From Lassey we continued to Domfront in the Pays d’Auge. Again we have written about Domfront elsewhere in our travels. By mid afternoon we were back in Caen with Geneviève.

Ian still had a mission in mind. The area around Coutances on the western coast of the Cotentin Peninsula was the home to an extraordinary number of itinerant booksellers who were the bane of the Parisian authorities in the 18th century. In preparation for the paper Ian has been invited to present in Bayeux next November he was eager to track down the villages of some of these booksellers or colporteurs.

The war memorial in the churchyard at Muneville-le-Bingard near Coutance bore witness to the fact that the same families were still in the village a century and a half after Ian had traced them in the correspondence of a Rouen bookseller in the 1770s and the parish registers in the years before the fall of the Bastille. It was from this village that the large majority of the booksellers would leave on their travels each February, and it became clear that they must have been fleeing rural deprivation, seeking their fortune on the roads of northern France.

Muneville was a depressing place, its name being its most attractive feature. Ian however was chuckled to discover many names on the graves in the churchyard were familiar from the documents he has been analysing. Geneviève and I though simply found the churchyard cold and draughty. The little village was crumbling and scruffy, cut through by the main road and with an abandoned, crumbling factory building once powered by a water wheel. It looked a dismal place to live. No wonder the colporteurs were eager to leave home for as long as possible, returning only to take part in the harvest. With nothing to do over the wintertime and such uncomfortable housing, even carting heavy books around the countryside has its attractions!

Church, Muneville-le-Bingard
War memorial.
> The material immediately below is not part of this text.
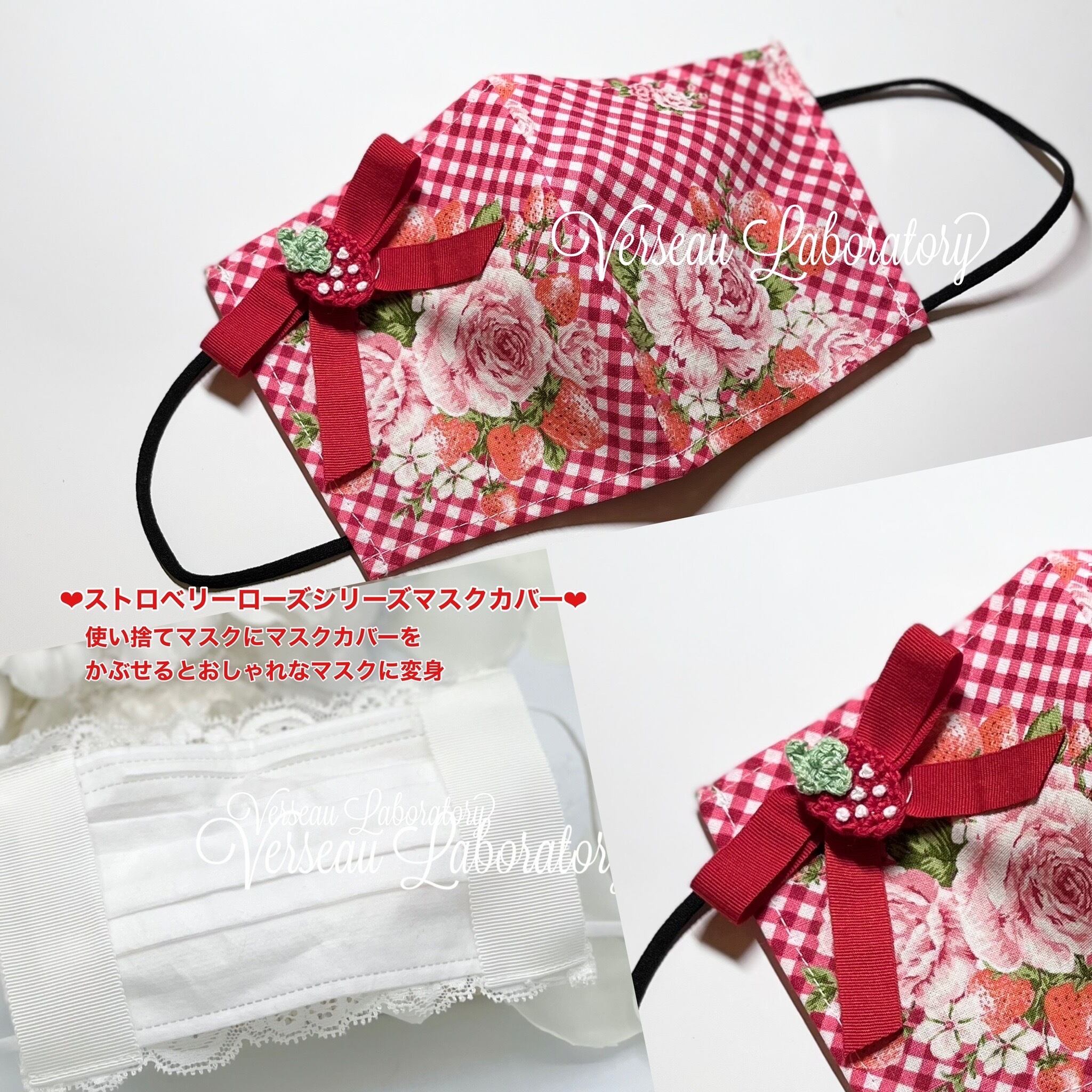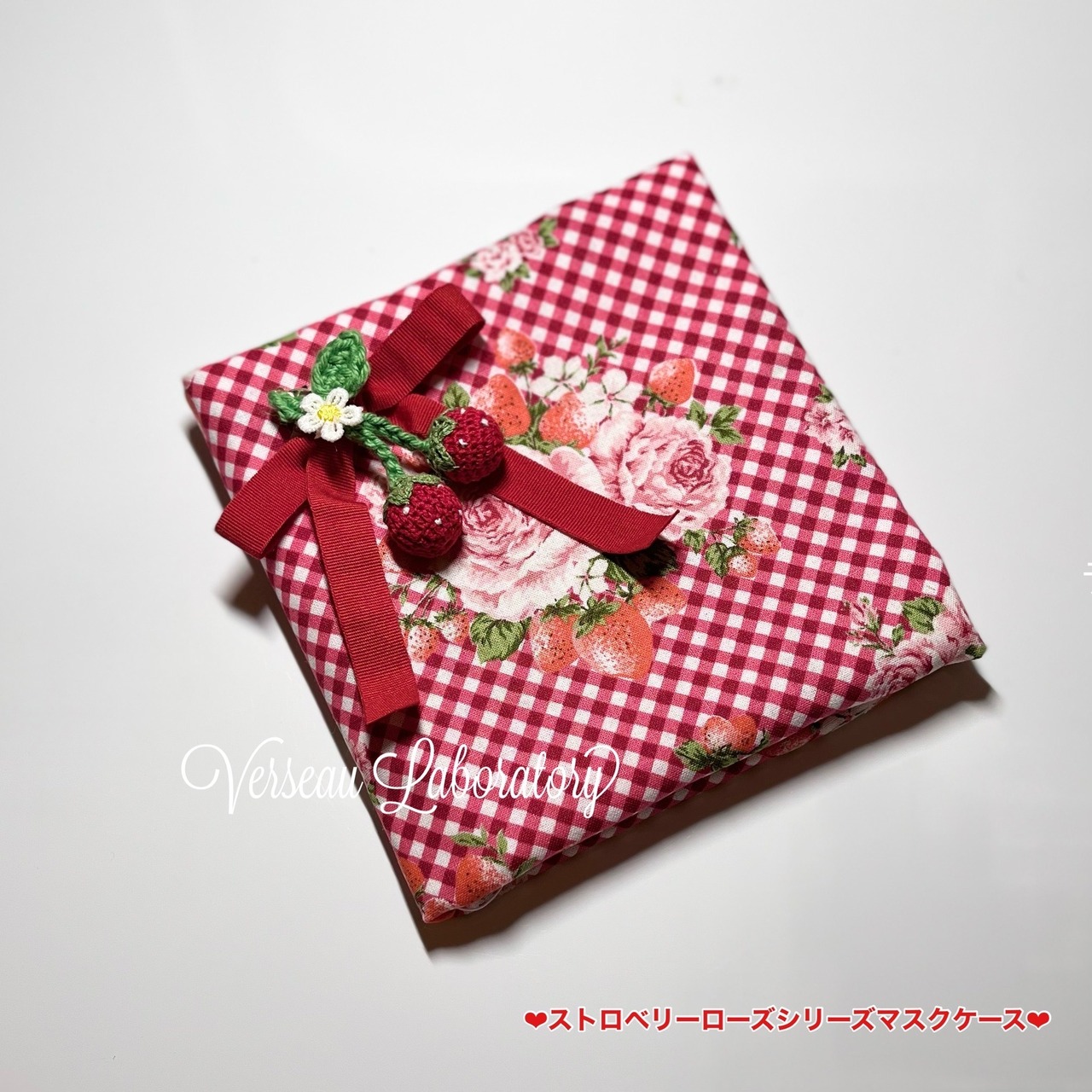 1175 【セール】 マスクカバー&マスクケース ストロベリーローズシリーズ レッドセット ★ストロベリーローズシリーズ レッド マスクケース & ストロベリーローズシリーズ レッド いちごいちごリボン マスクカバー おしゃれ かわいい セット | Verseau Laboratory

The names of Banse or Bense, Blaisot or Blaizot, Duplenne and Saint-Denis can all be found as itinerant booksellers in the registers of Muneville-le-Bingard in the 18th century, Muneville-le-Bingard
Water powered factory, Muneville-le-Bingard
Cob building near church, Muneville-le-Bingard
Another few kilometres on Montsurvent told the same story. This village is the birthplace of Noël Gille, one of the better documented of these hawkers who traversed northern France with a cart drawn by two horses. When he was interrogated by the police in Montargis in 1774, he declared that he could neither read nor write, yet he dealt not just in chapbooks but in the works of Rousseau as well as a range of rather more dubious titles - he ended up with a term in prison.

Montsurvent, church. The names of Heuget, Blaisot and Laisney can be found both on the war memorial and in 18th century records
Montsurvent, cob building
The booksellers all originated from several small villages between Coutances and the sea, a remote area where a maze of narrow lanes winds through little hamlets which are not always named. Ian was determined to seek out as much information as possible, directing us from one remote village to the next.

It was bitterly cold as we made our way on to Blainville-sur-Mer, a straggling place, but rather more prosperous than the previous villages we had passed through. A new wave of booksellers left the region for Paris in the 19th century and many of them made good, particularly as printsellers. They retained their links with their native land and constructed comfortable villas in the Bas Rue in Blainville, which became known as “Booksellers’ Street”.

Bookseller’s villa, Bas rue, Blainville-sur-Mer
As a reward for our indulgence Ian treated us to burgers and chips on a draughty seafront terrace at Agon-Coutainville, it being the only place open on a dismal chilly Sunday. So much for French chic seaside resorts and French cuisine outside the high season!

We remained with Geneviève for several days visiting our several friends in the town before taking the morning ferry to Portsmouth and continuing to join family members gathered for the funeral of Ian’s Aunty Marge’, his mum’s younger sister. She has been a brilliant aunt to him and his sister over the years and the ceremony was very moving. She will be sorely missed by us all.